A major realization of Einstein’s general relativity is the fact that massive objects warp space-time in a way that is similar to a lens, magnifying and shifting the light of background objects. This was a crucial test for relativity just four years after it was proposed, and it has been seen in countless examples. Today, 105 years after the first test, astronomers continue to discover never-seen-before alignments. Meet the zig-zag lens.

All gravitational lenses are exciting, but some are more exciting than others. At first glance, J1721+8842 was intriguing, but it wasn’t particularly revolutionary. In this system, the light of a distant quasar traveled more than 10.5 billion years to reach us. Passing through a lens, it formed six visible images. The number six was unique, which made it interesting, the authors of the paper (which has yet to complete peer review) explain. In recent years, there was a proposal that six images could form under particular conditions – that is, having two lenses.

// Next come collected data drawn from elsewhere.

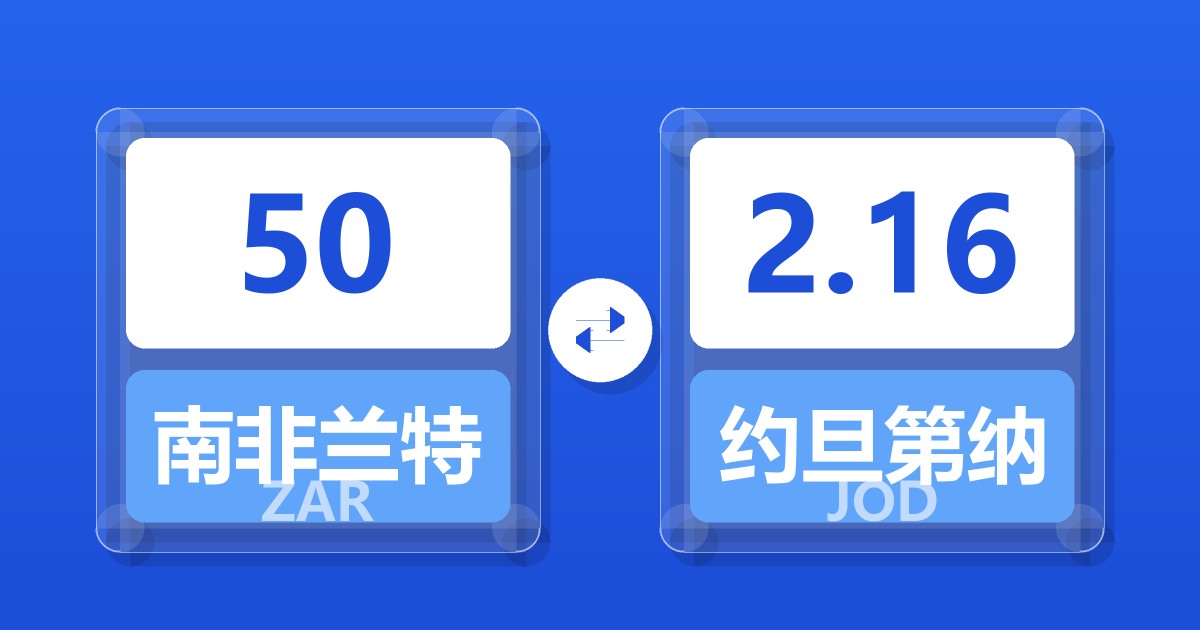 50 南非兰特 (ZAR) = 2.16 约旦第纳尔 (JOD)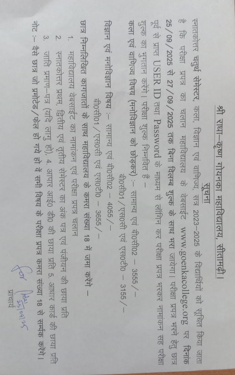 Sri Radha Krishna Goenka College, Sitamarhi being the first college of the district, popularly known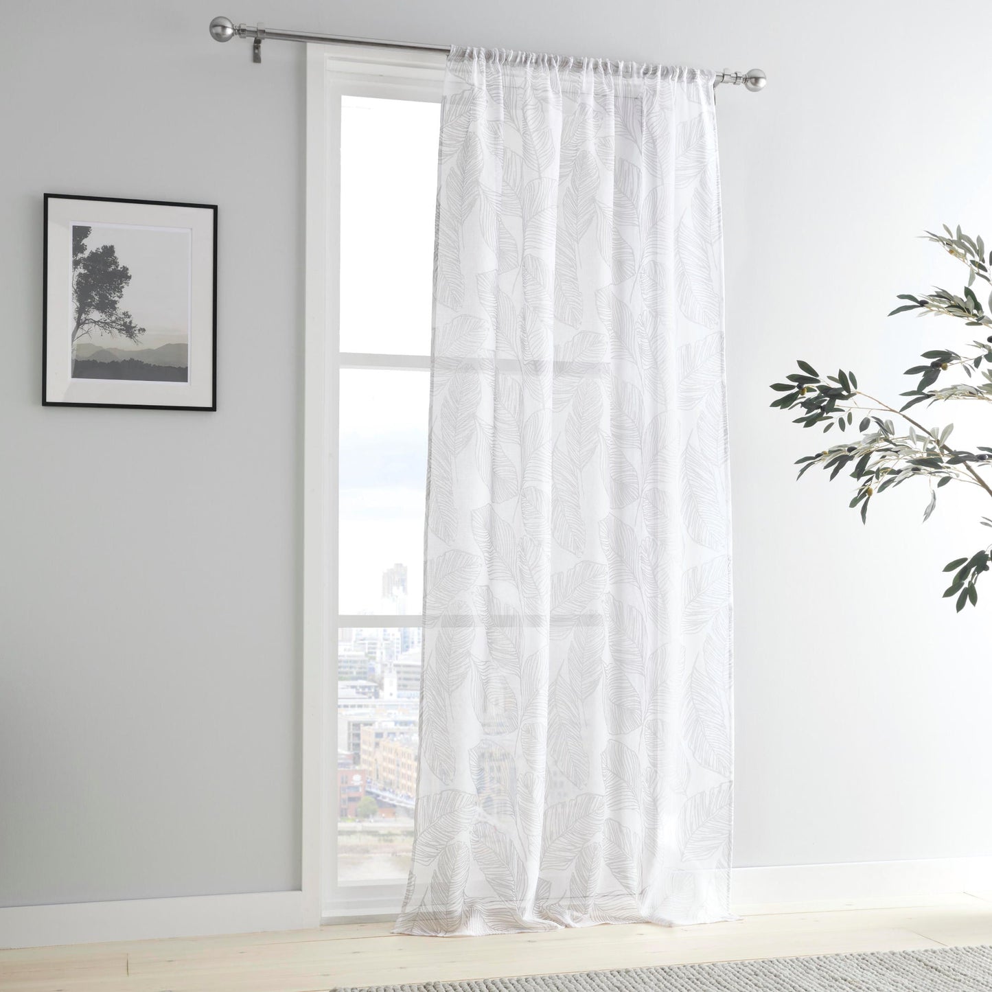 Featuring a beautifully designed leaf print in a soft grey colour on an soft white ground shade, this elegant single voile panel is perfect for bringing a touch of glamorous style to your home. The voile panel is perfect for improving privacy while allowing natural light to enter your home and is crafted with a slot top header for easy installation. Machine washable for convenient care.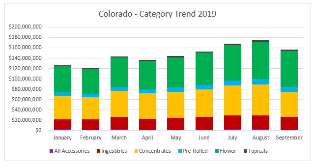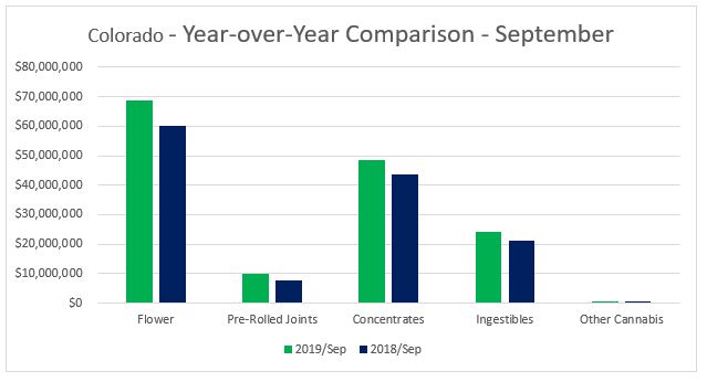 Sales of Concentrates contributed nearly 33 percent of revenues for the month of September. A decline from past months when concentrates were a larger category than flower. The $81.4 million in Concentrates sales represented a decrease of 18 percent from the trailing month, but more than three percent growth compared to September 2018. Year-to-date through September, Concentrates dollar sales increased by over 34 percent compared to the same time period in 2018, reaching $799 million.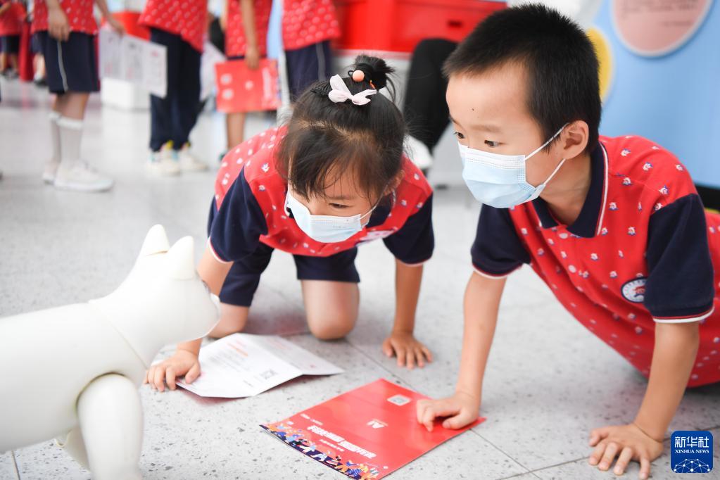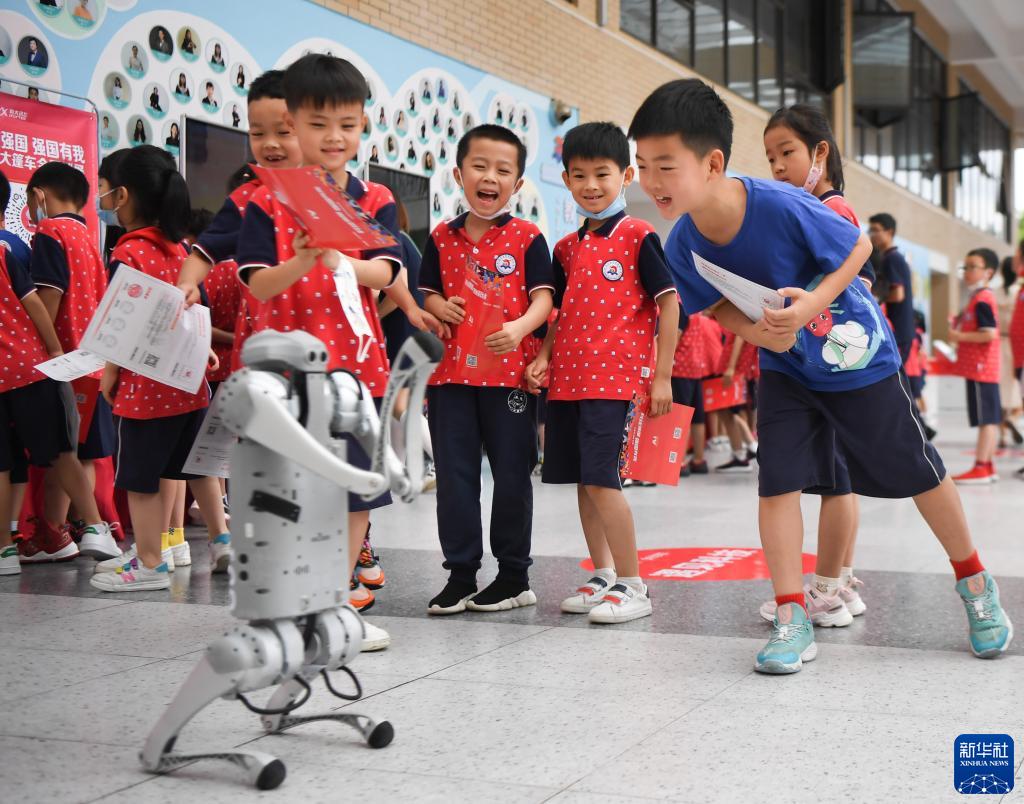 6月22日,学生们在长沙华夏实验学校和机器狗互动。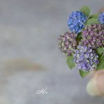 50 445 もうすぐアジサイの季節ですね 庭のカシワバアジサイの花芽を数えたらたった5個でした〜 大きくなりすぎたので昨年深く切ったから仕方ないけど ということでミニチュアアジサイを作りました 23/05/28 18:39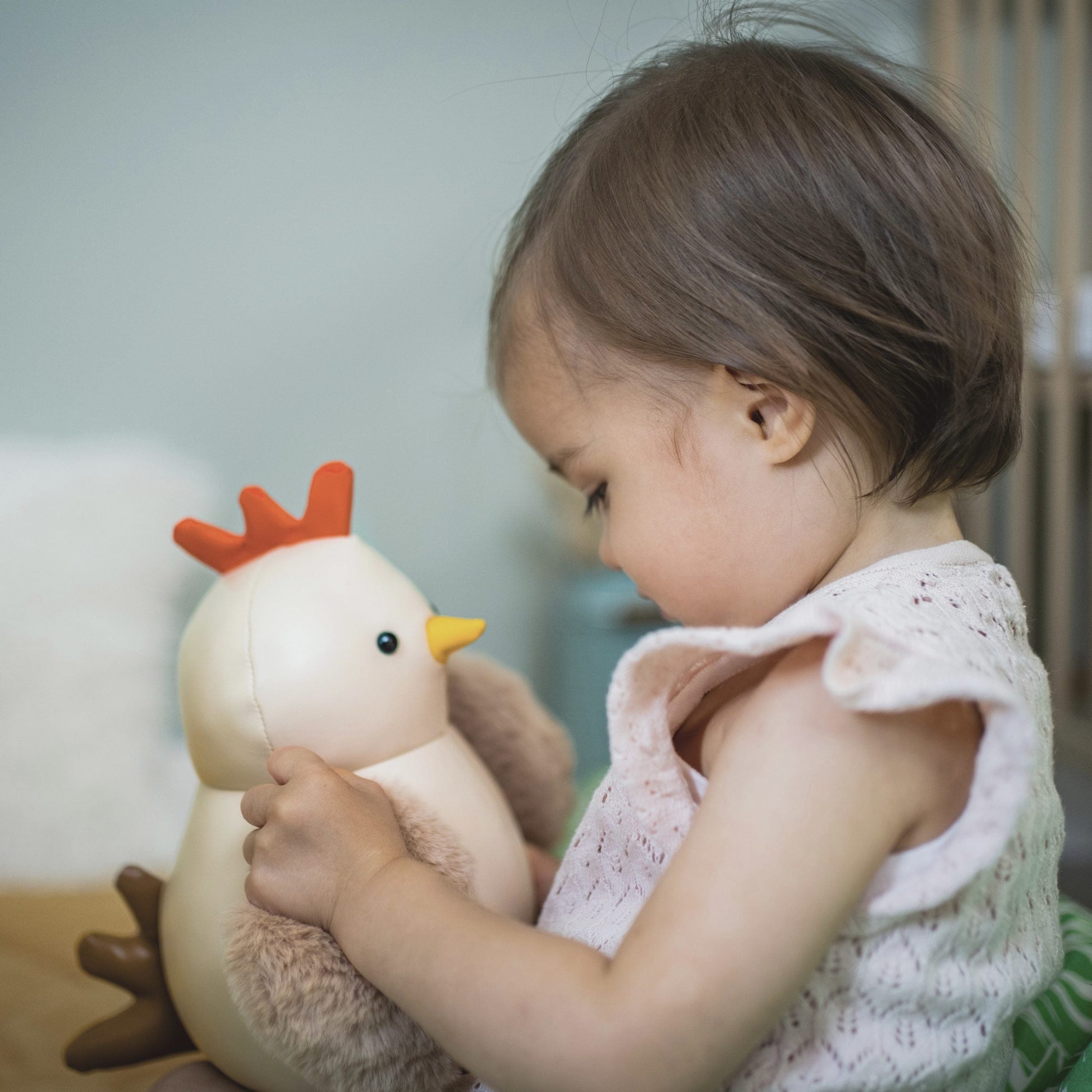 PVP referencial: $32,990Paulina la gallina es un adorable peluche musical, agradable de manejar gracias a su textura flexible y su bonita forma redondeada.
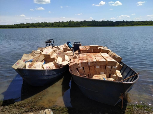 Ao se aproximarem foram localizadas 2 embarcações de ferro com motores 200hp, carregadas com aproximadamente 1000 caixas de cigarros contrabandeados do paraguaio.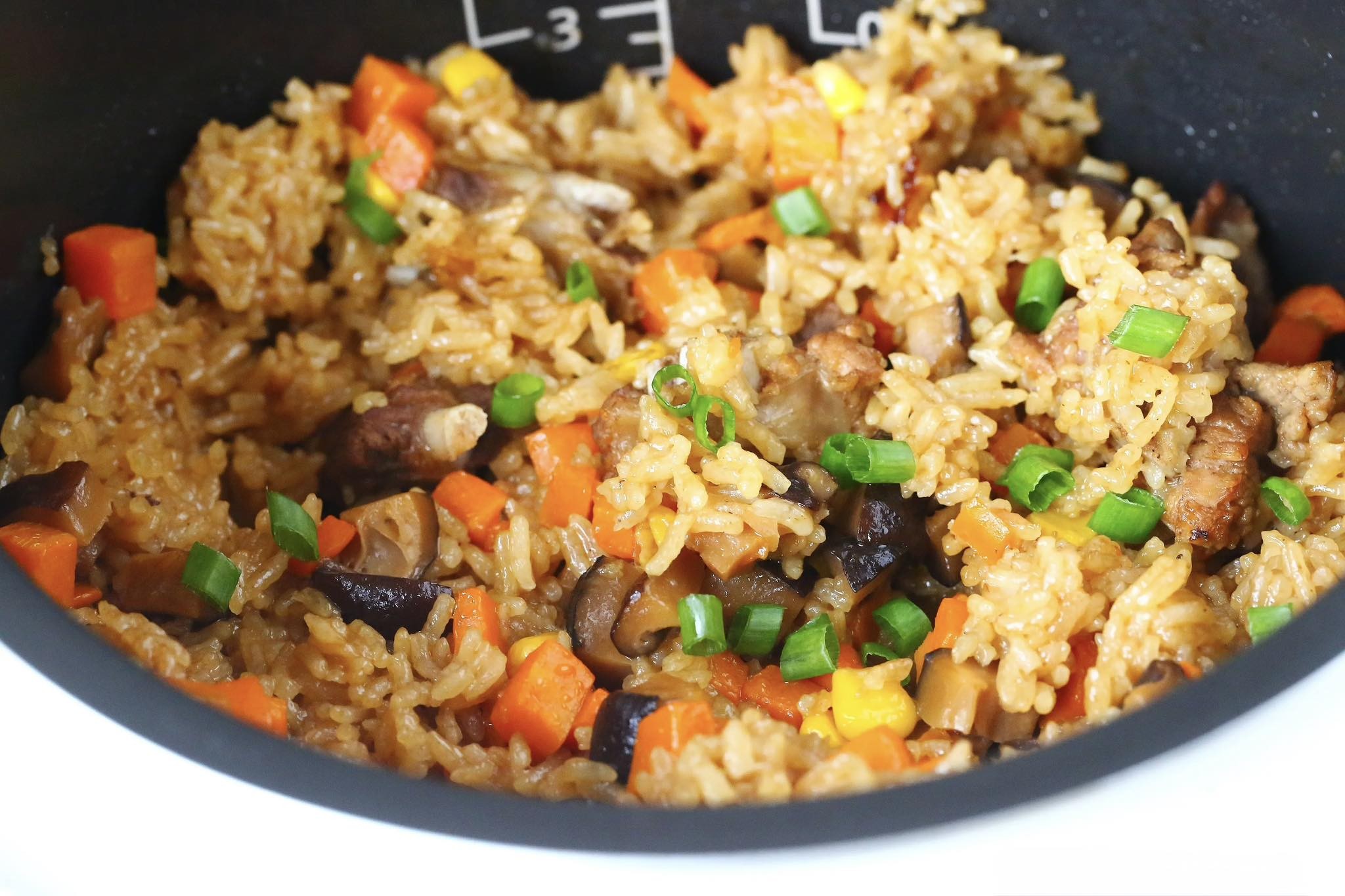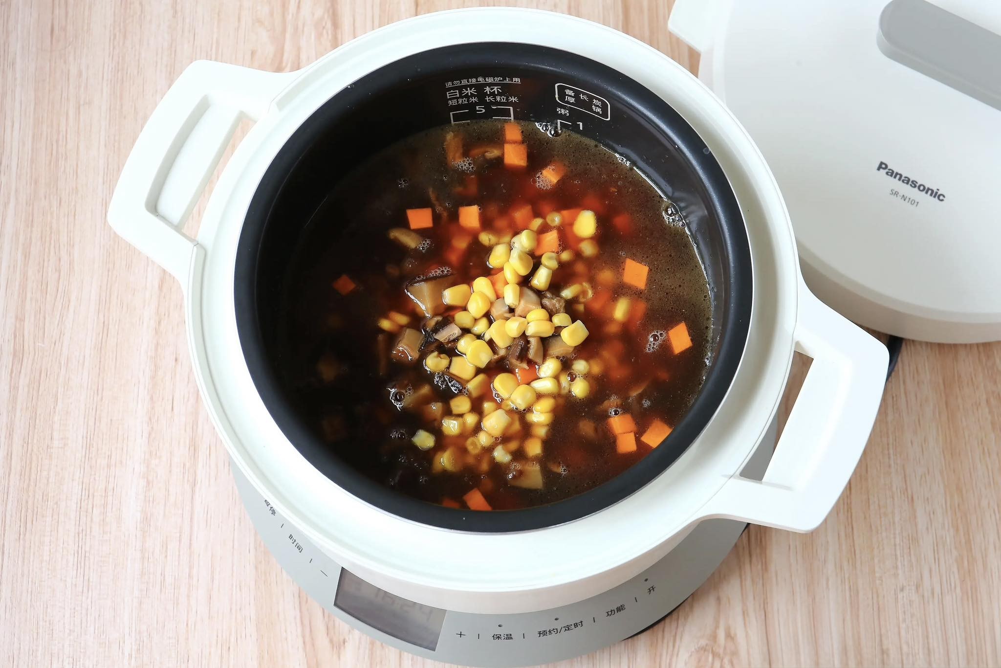 Bước 3: Thêm nấm hương và cà rốt thái hạt lựu cùng hạt ngô vào. Tiếp đó chọn chế độ "Nấu chín kỹ" và nhấn công tắc để bắt đầu nấu cơm. Sau khi cơm chín, bạn cần đảo đều bằng đũa hoặc phới dẹt để các nguyên liệu được trộn đều. Sau đó rắc một chút hành lá thái nhỏ vào, lấy ra đĩa hoặc bát tô nhỏ đặt lên bàn ăn và cùng gia đình thưởng thức. Trước khi lấy ra bát,Món này rất tuyệt khi trời se lạnh.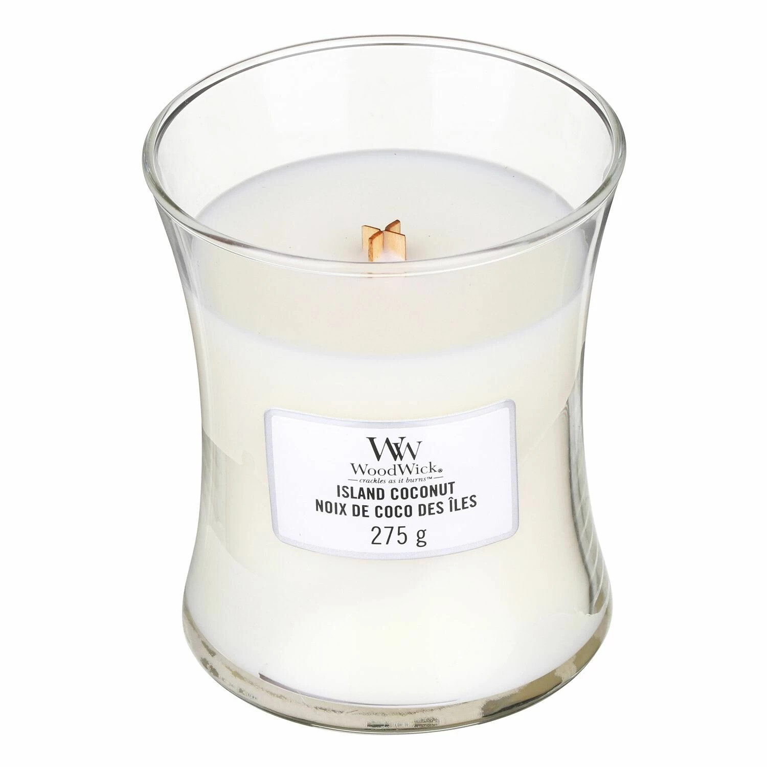 The cream tinged tone in this WoodWick candle imitates the sight of luscious sandy shores, waved in tropical and sweet tones. Allow a contrast of sharp yet sweet pineapple and the cream filled juiciness of coconuts inspire thoughts of laying on a sun-stricken beach, palm trees swaying with a tropical aroma in the air. This refreshing scent is complimented by the unique shape of the candle holder which is an hourglass.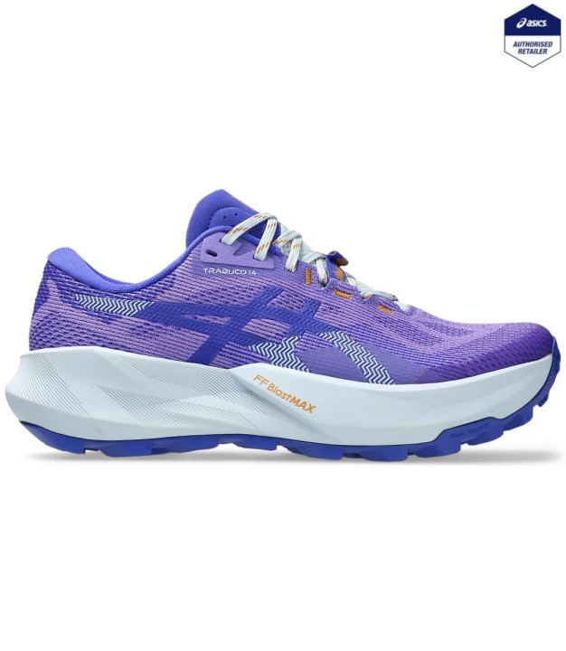 The TRABUCO 14 shoe is designed to help you run through unpredictable trail terrain more confidently. ASICSGRIP technology is positioned in the outsole for advanced traction on off-road surfaces. Approximately 4 grams lighter than the previous version, this shoe features an extra 2mm of FF BLAST MAX cushioning underfoot. This helps create cloud-like softness at impact and a responsive energy return at toe-off. The shoe has a new trail fit that offers a more supportive midfoot lockdown. This helps reduce movement within the shoe while providing a wider forefoot that allows for more comfort on long trail runs.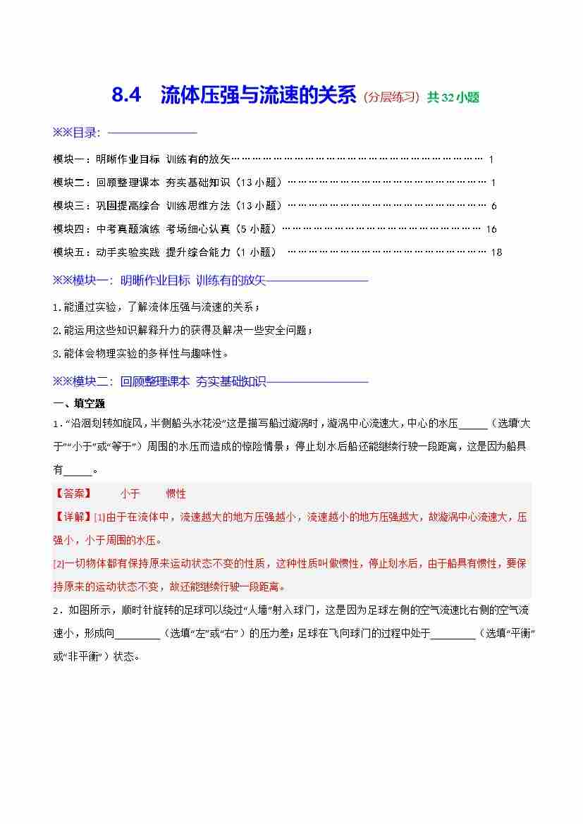 8.4 流体压强与流速的关系(分层练习)-(沪科版2024)(解析版)

The first lens is relatively close to the source, with a distance estimated at 10.2 billion light-years. What happens is that the quasar’s light is magnified and multiplied by this massive galaxy. Two of the images are deflected in the opposite direction as they reach the second lens, another massive galaxy. The path of the light is a zig-zag between the quasar, the first lens, and then the second one, which is just 2.3 billion light-years away.

Not only that, but the second lens also magnifies the first – though not very bright, it can be seen in the images collected by JWST. The team believes this to be the first case of a double gravitational lens and the first example of a galaxy-scale strong gravitational lens with six images of the same distant object.

This is a serendipitous and extraordinary find. The researchers were curious what was the chance of finding such a precise alignment between us, two lenses, and a quasar on a single line of sight stretching over 10.5 billion light-years. They estimate it is one in 100 million.

If this was not enough, this object seems to be a cornucopia of excitement. It is the northernmost gravitational lens known, which means there are a lot of ground-based telescopes that can conduct follow-up observations. Its peculiar nature could also be used to better estimate the expansion rate of the universe – a current topic of heated debate in cosmology.

The paper is currently awaiting peer review from Astronomy & Astrophysics, and is currently available on the ArXiv.